Retype the data that follows exactly. No pictures belong in the copy.

_COLLECTED DATA_
»»

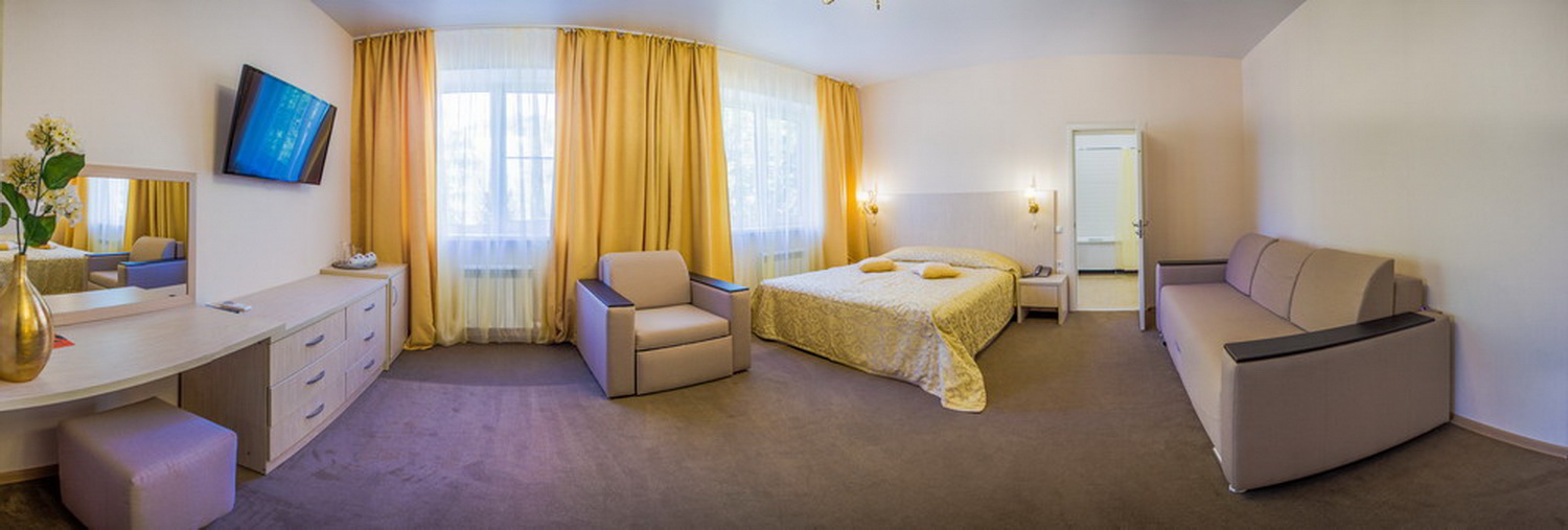 Площадь номера 29кв.м.: в номере двуспальная кровать, диван, телевизор, холодильник, шкаф для одежды, ванна, санузел, кондиционер.
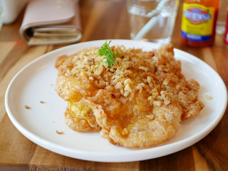 และยังมีอีกหนึ่งเมนูก็คือ ข้าวไข่เจียวกากหมู (75 บาท) มาพร้อมกับตัวไข่เจียวความหนากำลังดี กรอบนอกนุ่มใน โรยหน้าด้วยกากหมู เค็มๆ มันๆ กินเข้ากันกับไข่เจียวและข้าวสวยร้อนๆ อร่อยจนพุงกาง
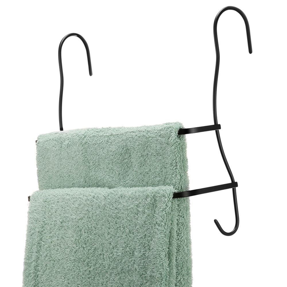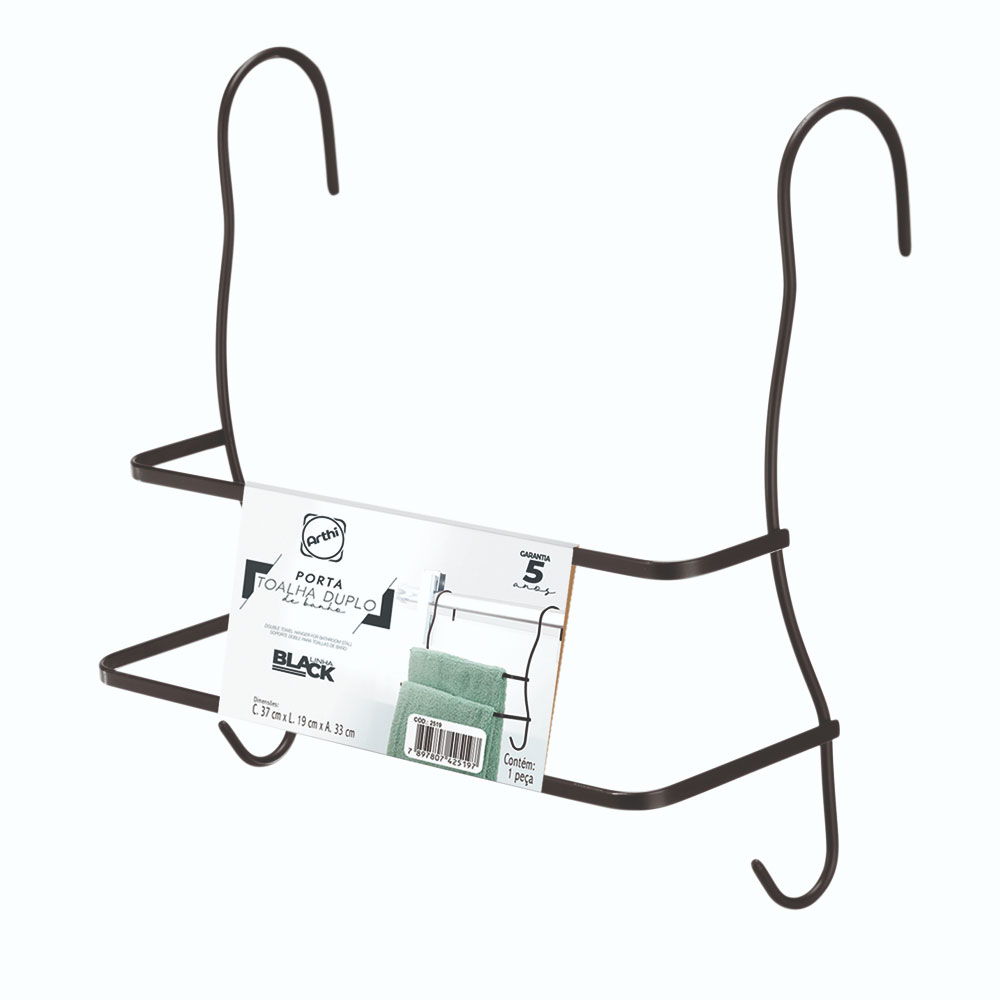Porta Toalha Arthi da Linha Black com suporte duplo e que se encaixa perfeitamente sobre o box, deixando as toalhas à mão na hora do banho. Produzido em aço com acabamento preto acetinado, possui aplicação de verniz que aumenta a durabilidade e não descasca. Seu design inovador vai trazer não só praticidade, mas também estilo e modernidade para o seu banheiro!
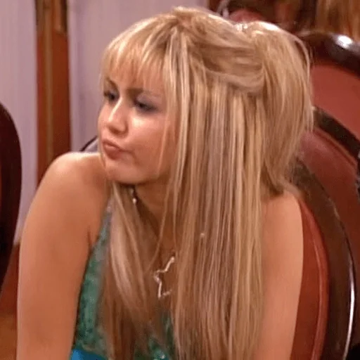 Uma jovem com cabelos castanhos e expressão de desinteresse ou tédio, vestindo uma blusa roxa.

««

_OUTPUT BELOW_
 Площадь номера 29кв.м.: в номере двуспальная кровать, диван, телевизор, холодильник, шкаф для одежды, ванна, санузел, кондиционер.
 และยังมีอีกหนึ่งเมนูก็คือ ข้าวไข่เจียวกากหมู (75 บาท) มาพร้อมกับตัวไข่เจียวความหนากำลังดี กรอบนอกนุ่มใน โรยหน้าด้วยกากหมู เค็มๆ มันๆ กินเข้ากันกับไข่เจียวและข้าวสวยร้อนๆ อร่อยจนพุงกาง
Porta Toalha Arthi da Linha Black com suporte duplo e que se encaixa perfeitamente sobre o box, deixando as toalhas à mão na hora do banho. Produzido em aço com acabamento preto acetinado, possui aplicação de verniz que aumenta a durabilidade e não descasca. Seu design inovador vai trazer não só praticidade, mas também estilo e modernidade para o seu banheiro!
 Uma jovem com cabelos castanhos e expressão de desinteresse ou tédio, vestindo uma blusa roxa.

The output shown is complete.